# Saber/sabor: Yo ¿sepo?...



## alvarezp

Para mi pregunta necesito hacer una conjugación al revés:

Ellos saben a chocolate.
Vosotros sabéis a chocolate.
Nosotros sabemos a chocolate.
Él/ella sabe a chocolate.
Tú sabes a chocolate.
Yo...

Todo me da a entender que es "Yo sé a chocolate", pero algo no cuadra.

Heeeelp?

Octavio.


----------



## piquiqui

Saber a chocolate (de sabor).
(*...*)

(*...*)



> *1.* Tanto sus preguntas como sus respuestas deben expresarse únicamente en español.


----------



## Cintia&Martine

Hola
después de mirar varias gramáticas, no he encontrado más que lo que tu sabes aunque te suene raro:
yo sé a chocolate, suena raro, pero bueno
Buenas noches


----------



## Cecilio

A nivel coloquial, en España, he oído la forma "yo sepo", referida a la acción de saborear (por ejemplo, "no sepo a nada"), pero me parece que es incorrecta (el DRAE no la admite, según he visto).


----------



## piquiqui

Si Cecilio, es incorrecta, aunque me encuentro entre las que (con bastantes años menos) en algún momento dijo:

Yo no sepo a chocolate...


----------



## Cecilio

¿Quién sabe? A lo mejor un día los de la RAE aceptan la forma "yo sepo". Las lenguas evolucionan constantemente.


----------



## alvarezp

Se cuenta que unos niños estaban jugando pelota y uno le dice al otro:
Niño 1: Pero cómo inflas una pelota?
Niño 2: No, pos... Yo no sepo.
Niño 1: No seas tonto, no se dice "no sepo"; se dice "no sabo".
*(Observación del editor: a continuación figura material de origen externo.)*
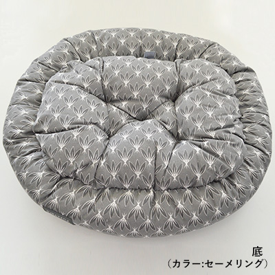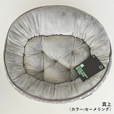 パートナーが心地よく眠れるように、ベッドの前方と後方で中綿の厚みを変えています。前方(タグのついている面)を低くすることで、肢の短いパートナーやシニアのパートナーでも出入りしやすく設計しています。また後方部分に厚みを作ることであごを乗せてリラックスしやすいように配慮されています。パートナーの心地よさを第一に考えた設計にこだわりぬいたベッドです。

Y la mamá los oye y les dice:
Mamá: No, niños, no se dice así.
Niños: Entonces cómo se dice?
Mamá: "No sé".
Niños: Entonces no te metas, mamá.

:-D


----------



## piquiqui

El humor siempre es bien recibido y más a estas horas..... 
En España son las 2 de la mañana....


----------



## belén

Un hilo de hace un tiempo que habla justo sobre esto:

Clic


----------



## gisele73

Muy buena pregunta....talvez deberíamos escribir a la RAE para salir de dudas...lo más lógico me parece "Se a chocolate", pero igual me suena raro...y si es correcto, ¿sería con o sin acento ese "se"?

Mientras tanto prefiero decir "Tengo sabor a chocolate"


----------



## belén

alc112 said:
			
		

> Hola!!
> Acá tienen un hilo con el mismo tema:
> Sé a miel
> 
> Saludos


Corazón, este es el que puse yo arriba 

Be


----------



## Cintia&Martine

Buenas tardes
Para Gisèle: con acento ya que el "se" atono es el pronombre
Hasta luego


----------



## perrodelmal

Sí, estoy de acuerdo, debe llevar acento.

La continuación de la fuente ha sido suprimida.